The facts that are the subject of the resolution commented refer to an official of penitentiary institutions who, after giving an interview on the television program “Viva la vida” on Telecinco, on 19/5/2019, in which he commented on issues related to his public function, was the subject of an internal investigation procedure (“diligencias informativas”, “expediente de información reservada”, according to the applicable terminology) by the competent public administration (Subdirección General de Análisis e Inspección).
The officer refused to answer the questions of the instructors of the internal informative file, despite having been warned that he could be disciplined if he persisted in his refusal.
In fact, he was imposed a disciplinary sanction consisting of the suspension of his functions for sixty (60) days for committing a very serious offense: disobeying orders or instructions from a superior (art. 95.2.i) EBEP).
The civil servant filed a contentious-administrative appeal against the resolution of the Subsecretaría del Ministerio del Interior, which was upheld by the High Court of Justice of Madrid.
The State Attorney’s Office filed an appeal in cassation against the judgment of this court. The appellant warned that the position held in the contested judgment, in favour of conferring extra-jurisdictional effects to the right to not incriminate oneself provided for in art. 24 CE, has serious consequences, since it entails rendering the informative proceedings meaningless and useless, preventing the analysis and control of procedures by the Administration and not allowing the requesting of data from civil servants on how they provide their service.

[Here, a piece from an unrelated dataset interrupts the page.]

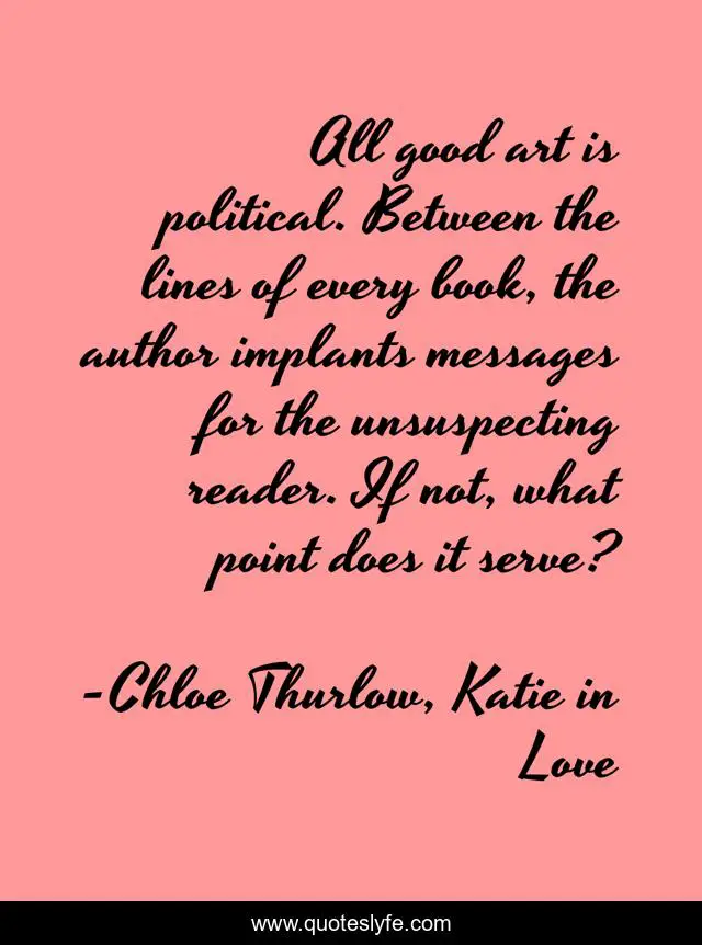 This page presents the quote "All good art is political. Between the lines of every book, the author implants messages for the unsuspecting reader. If not, what point does it serve?". Author of this quote is Chloe Thurlow, Katie in Love. This quote is about art-and-artist, art, art-and-politics,.

The extraprocedural effectiveness of the guarantees provided for in art. 24 EC is by no means a matter of consensus in the doctrine. In fact, the traditional majority position has been to limit their effectiveness to the jurisdictional or administrative sanctioning sphere. This is recalled by our Constitutional Court in the recent STC n.º 107/2025, of May 12, regarding the validity of these rights in the context of a parliamentary investigation (FJ 2.A).a)): “First, according to STC 133/2018, FJ 4 a), the rights to effective judicial protection with interdiction of defenselessness and to a process with all guarantees (art. 24.1 and 2 CE) operate in the field of jurisdictional and administrative proceedings of a sanctioning nature, so that their alleged violation in the field of parliamentary investigations has to be redirected to that of the right to the presumption of innocence (art. 24.2 CE), in its extra-procedural dimension“.
Probably aware of this doctrine, the contentious-administrative Chamber openly appealed to weighting and casuism as methods to justify granting extra-procedural effectiveness to the right against self-incrimination of art. 24.2 EC and thus ratify the lower court ruling.
In the opinion of the Chamber, it is necessary to consider “the degree of certainty of the facts, the identification of the person responsible and the questions asked in the course of the informative proceedings”. When, as in the present case, the facts are clearly established at the time of the interview and there are no doubts as to who is potentially responsible, the informative diligences (reserved information file) do not make sense, being, from a material point of view, a disciplinary file. In such cases, the right not to incriminate oneself should take effect and protect the civil servant compelled to testify against himself.